КОКЕТНИЧАТЬ СТРОГО ВОСПРЕЩАЕТСЯ


Воспоминания бортпроводницы авиаотряда, который в советские времена обслуживал партийно-правительственную верхушку…

РИА «НОВОСТИ»

Двести тридцать пятый авиаотряд сформировали в начале брежневского правления. Его организатором и первым командиром был личный пилот Брежнева – Борис Павлович Бугаев. А в 1971 году, после назначения Бугаева министром гражданской авиации СССР, 235-й возглавил Герой Советского Союза Константин Никитенко. Отряд предназначался в первую очередь для выполнения спецрейсов, каждый из которых имел свою литеру. Под литерой «С» летали низшие партийные функционеры, не особо важные иностранные делегации; под литерой «В» – руководители силовых министерств, члены Политбюро и ЦК КПСС, первые секретари ЦК союзных республик. Литерные рейсы «А» предназначались для «первой тройки» – Брежнев, Косыгин, Подгорный.

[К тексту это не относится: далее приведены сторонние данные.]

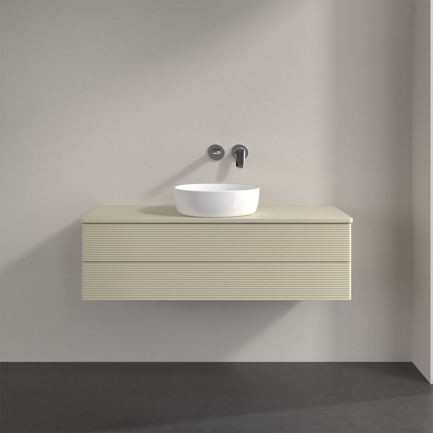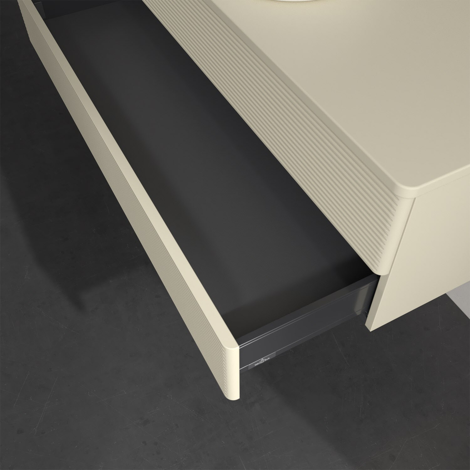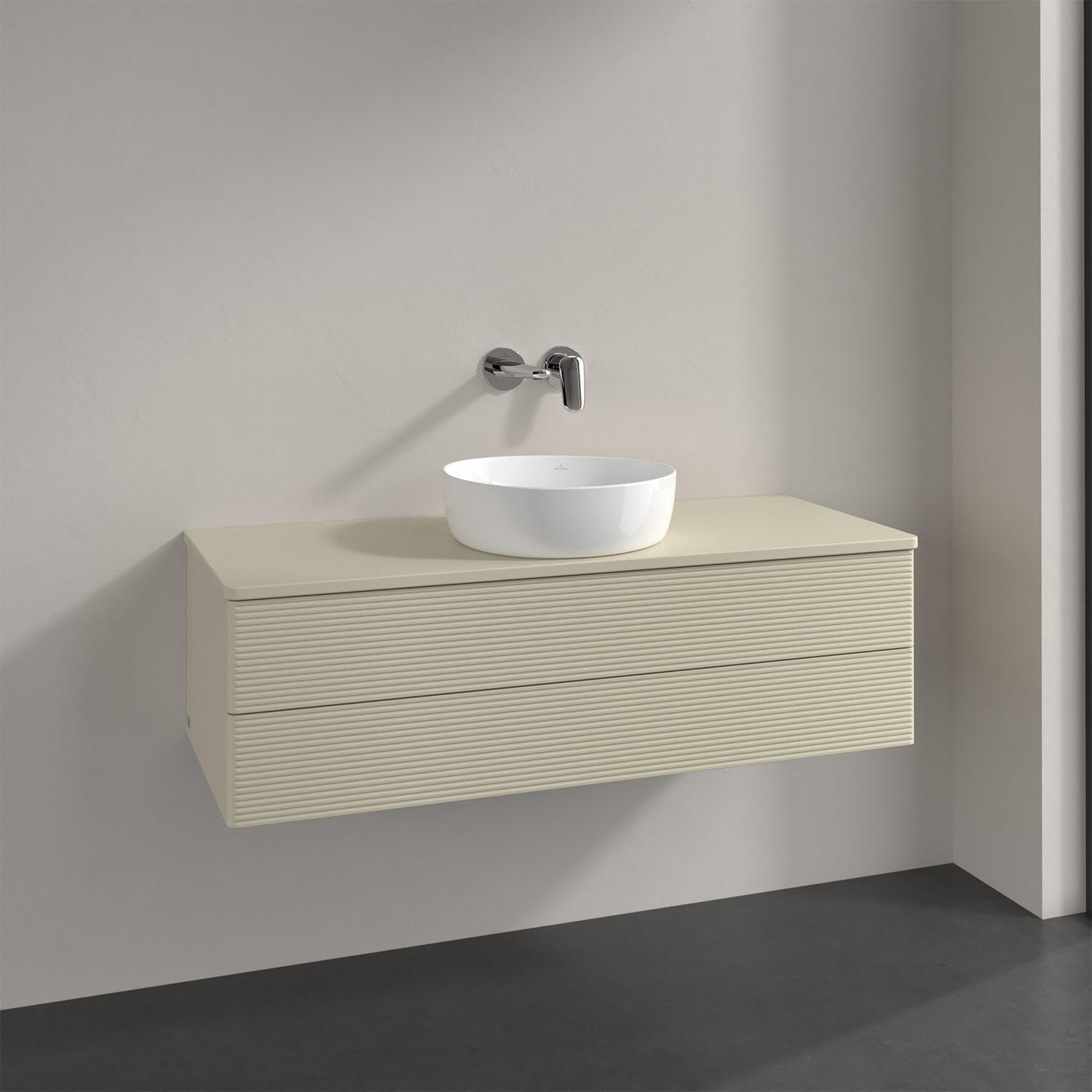 Villeroy & Boch Antao Waschbeckenunterschrank, 120 x 19 cm, 2 Auszüge, Fronten mit Struktur, ohne Hahnloch, für Waschtisch mittig
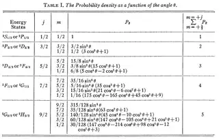 As an example of these two theorems the angular charge distributions for the magnetic states $m = \pm 3/2$ for a $^2P_{3/2}$ term are not only the same but are also identical with the two magnetic states $m = \pm 3/2$ of the $^2D_{3/2}$ term. It should be pointed out that the radial charge distributions of the $^2P$ and $^2D$ terms are different. [...]
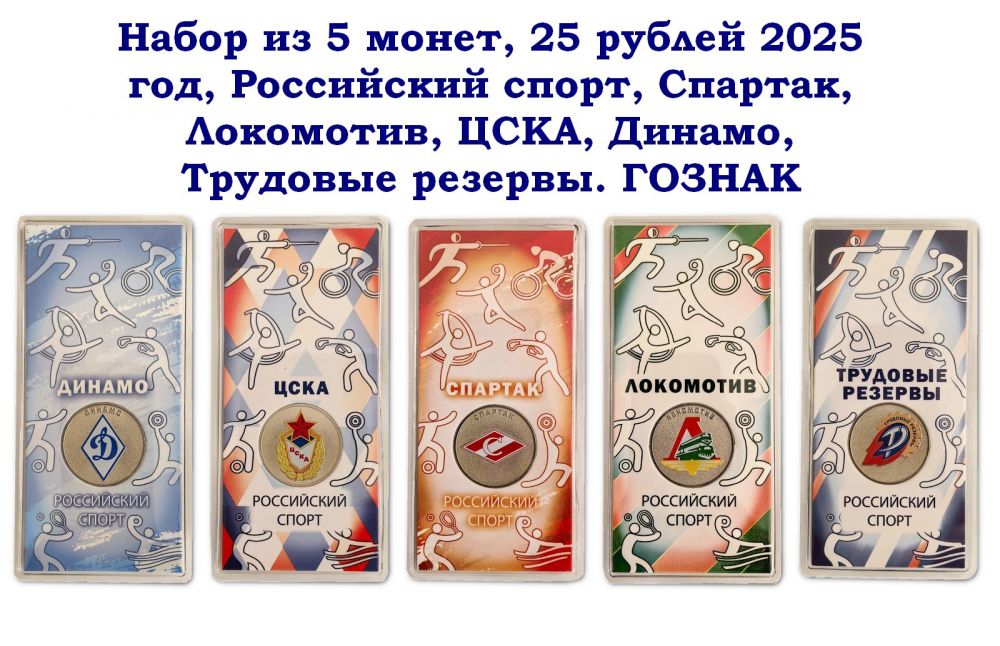 Описание Набор из 5 монет, 25 рублей 2025 год, Российский спорт, Спартак, Локомотив, ЦСКА, Динамо, Трудовые резервы. ГОЗНАК
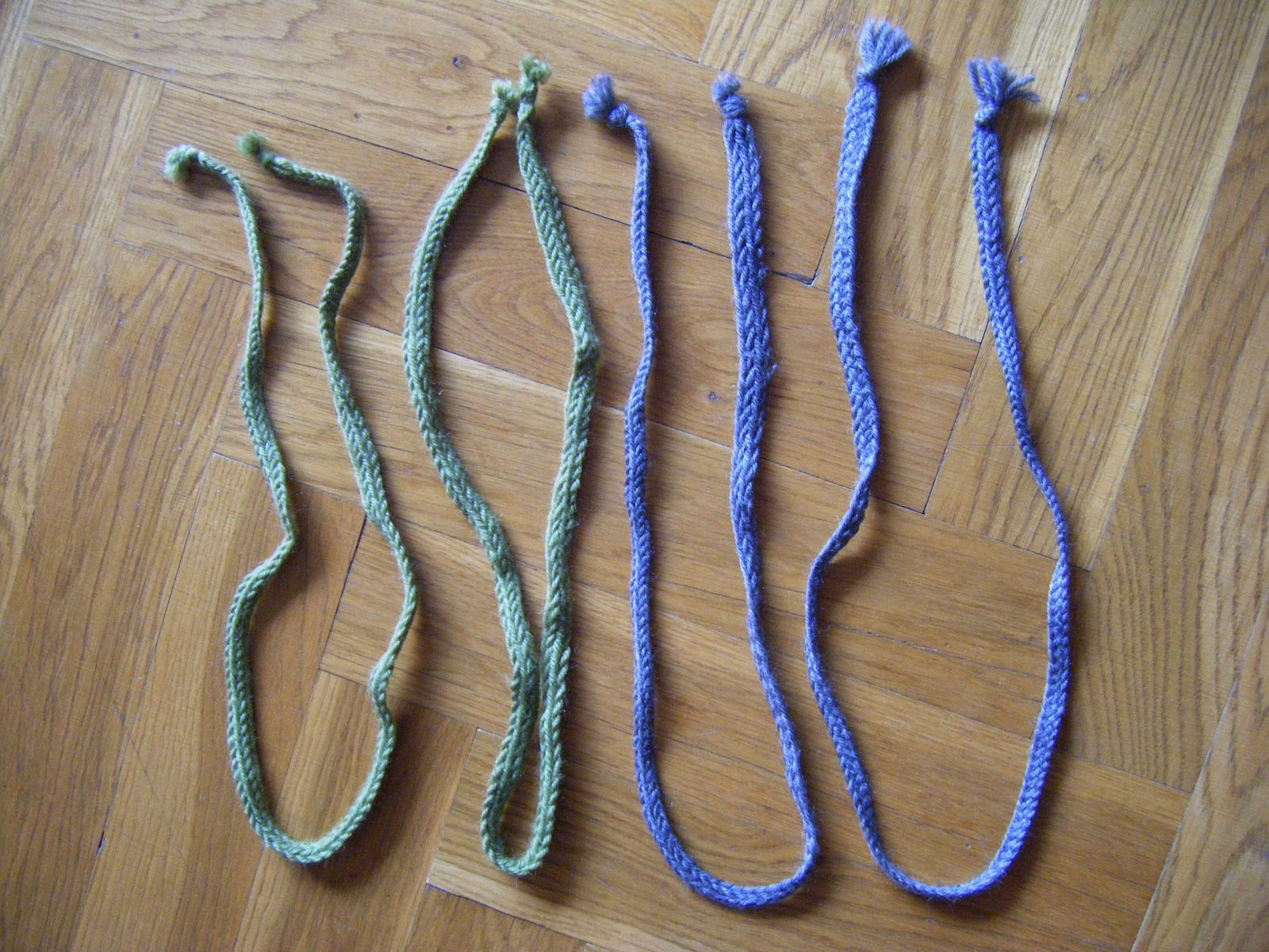 Both pairs of hose are cut on the bias and are held up by garters under the knees. As the garters are not to be seen, they are simple things made from wool finger loop braid. The fact that the braid is a bit stretchy make it very good for garters as one would not wish to have the circulation cut of.

Деятельность 235-го отряда была государственной тайной. Одна из десяти бортпроводниц, летавших с первыми лицами СССР, согласилась рассказать об отряде только при условии анонимности. Ольге Соловьевой (назовем ее этим именем) до сих пор памятны и подписки, которые она давала, и постоянный надзор КГБ.

 

Из студенток – в небожительницы

– В 235-й отряд я, можно сказать, попала случайно, – рассказывает моя собеседница. – Пришла подработать в летнее время. Отряд был на хозрасчете и кормился в основном за счет коммерческих рейсов – в Омск, Сочи, Токио, Тегеран, Дакар, Париж, Лондон. Летом количество таких рейсов увеличивалось. И чтобы не загружать девочек, летавших с первой тройкой, на коммерческие рейсы внутри страны брали даже тех, кто никогда не летал.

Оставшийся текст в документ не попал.